That stuff's great. But do you know why he's on my list? He doesn't seem to think it's a good idea for a shell to parse its entire environment; he seems to think that its better to use the name of an environment variable than its value to determine if it's input to the shell or not; he seems to feel somewhat less at ease with the thought of millions of HTTP request headers passing through the bash parser, relying on its myriad of parsing rules to ensure that no part of them is accidentally executed as a shell command - now or tomorrow.
I must say that this shellchock thing has shaken my belief in humanity somewhat... Why is it that these are not obvious principles that we all agree on? Am I just too "oldschool" or something? :)
Part of this is reflected in things like "Robustness Principle". This encourages programs to go out of spec and be creative with inputs to make things "easier"... but it only makes things worse.
SIP, for instance, has very complicated parsing rules (like HTTP) because the messages are designed to be written by hand. This introduces security holes as well as interop. But instead of recognizing this and trying to get programs to be strict, the IETF publishes a document where they gleefully list a bunch of crazy things possible in their spec, and encourage programs that guess at the intent of malformed messages.

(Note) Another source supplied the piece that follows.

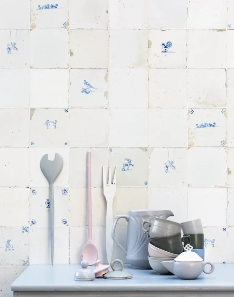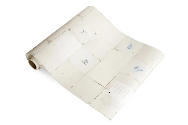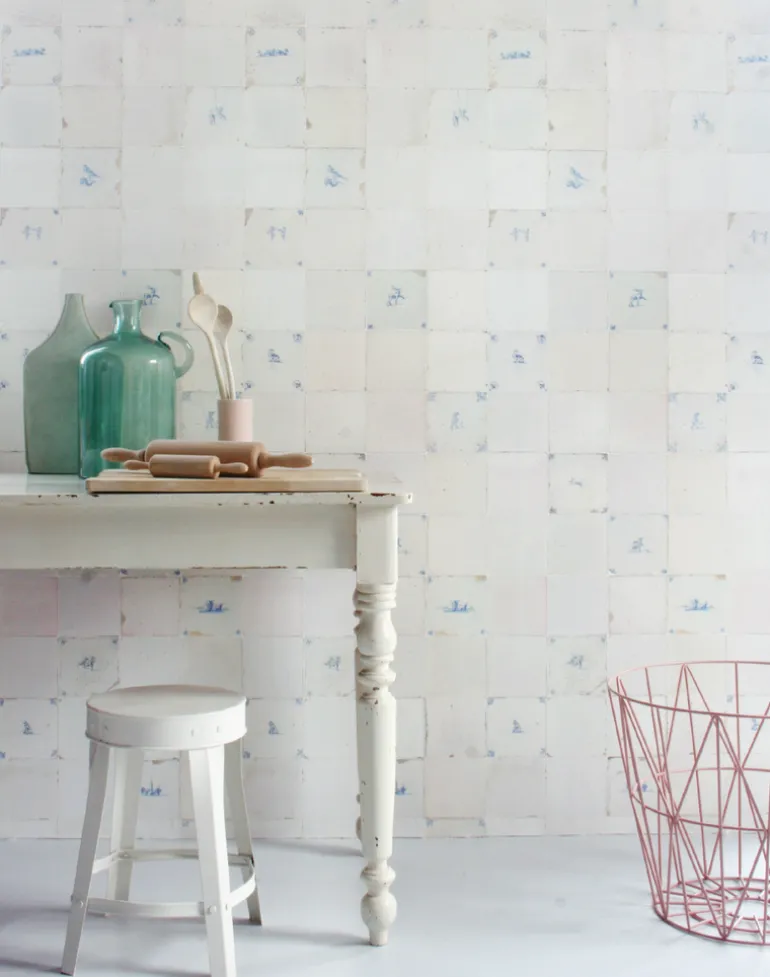 The tiles wallpaper provides a beautifully light decoration of antique tiles for your wall. It is a balanced mix of worn white Frisian tiles and old Dutch blue tiles. Picturesque farmer landscapes, children’s games, birds and farm animals spark your imagination. The wallpaper brings a touch of the 17th century back in the interior.

I'm currently dealing with SIP messages at work. My manager actually told me not to be so pedantic with the parsing as we got some complaints from other vendors (and privately, I thought: why bother with standards if you aren't going to follow them?) I ended up with logging a warning instead of returning an error. Sigh.
You can't actually parse SIP messages unambiguously these days. Even big open source projects like Asterisk and OpenSIPS have strictly different and incompatible interpretations. I'm purely talking about parsing, not actually interpretation of the content. It's that bad. And yes, this opens up security holes when one system is trusted to read the message correctly.

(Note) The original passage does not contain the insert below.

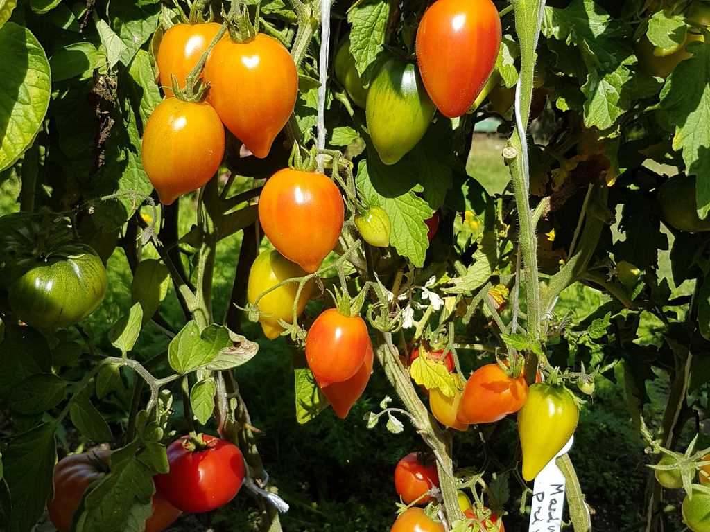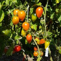 Avlånga plommonformade frukter med en spets. Fruktvikt 50-100g. Gul-orange färg med en röd rouge vid full mognad. Gott och saftigt gult kött har en röd mönster i mitten. Har ärvt den utmärkta smaken och färgen av sin förfader "Orange Russian 117". Ung planta har variegata blad, sen blir de bara gröna.

I think there is a fairly convincing argument here that a lot of these bugs might not have occurred if Bash used a hand-written, recursive-descent parser instead of a Yacc autogenerated one:
- The original ShellShock: Reused the general parsing/execution function for the subset task of evaluating a function definition. A hand-written parser would likely have this isolated to its own function. With a Yacc parser, there is neither an obvious nor easy way to call directly into the parser to parse a "nonterminal".
- The ones in the article having to do with error handling: traditionally, error handing in autogenerated parsers has been more difficult and Yacc is no exception. This is related to the first point in that a function for only parsing the function definitions would never execute its input, even upon encountering an error; the usual abort behaviour means the parser stack unwinds until the original caller - in this case the code parsing environment variables for function definitions - recognises the error, outputs an error message, and in this case, ignores the definition.
- The operation of a recursive-descent parser is simpler to trace through manually since each piece of the grammar is logically broken into separate functions, making it easier to audit than the more opaque flow of a Yacc one.
The real problem is that Bash has a huge attack surface and isn't written with security in mind. With the number of new exploits found here without too much effort, there are almost certainly more yet to be found. (Or already known to attackers.)
Yup; as I mentioned before in a previous ShellShock article, it seems like if you want to audit a system against this type of attack, you'd need to examine how every packet coming into the system is handled and what data from that could set envs or invoke a shell.
I have a feeling we'll be seeing different variations of this type of attack for a long time now that people are thinking about this type of vulnerability. The ways that this type of thing can be combined with other exploits are both exciting and terrifying.
> ...if you want to audit a system against this type of attack, you'd need to examine how every packet coming into the system is handled and what data from that could set envs or invoke a shell.
Really? Don't you think its easier to audit the system to ensure that nobody's parsing the entire environment as if it was shell script / function definitions, threatening to execute parts of it as shell commands?
Here we're talking about a system made up of several different Unix processes, passing data between them through environment variables, command line arguments, input and output. This seems to affect how people think about the problem in an unfortunate way... Pretend instead that all this happened within one process, e.g. a Ruby program - who would then be responsible for the vulnerability - person A who stored a HTTP request header in a variable or person B who decided to call eval() on that variable?
To me it's quite obvious that person B is at fault.
True. Even shells that are written with security in mind are bound to have some similar bugs, though perhaps not as easy to discover or exploit. I think the bash bugs have exposed some general flaws in the way we continue to trust input both from the internet and between processes in general.
Bash is doing a crazy about of stuff under-the-hood. I spent a lot of time over the weekend inside gdb trying to trace down one weird behavior that appeared when I added a single printf(), and I got taken on a very wild ride.
(It wasn't necessarily a security issue, but I figured I'd go exploring to learn some bash internals.)
bashcheck https://github.com/hannob/bashcheck/blob/master/bashcheck includes now also tests for the last 2 lcamtuf bugs, so it tests now for 6 known vulns from this shellshock series, plus a general test for variable function parser safety.
1. https://news.ycombinator.com/item?id=8378515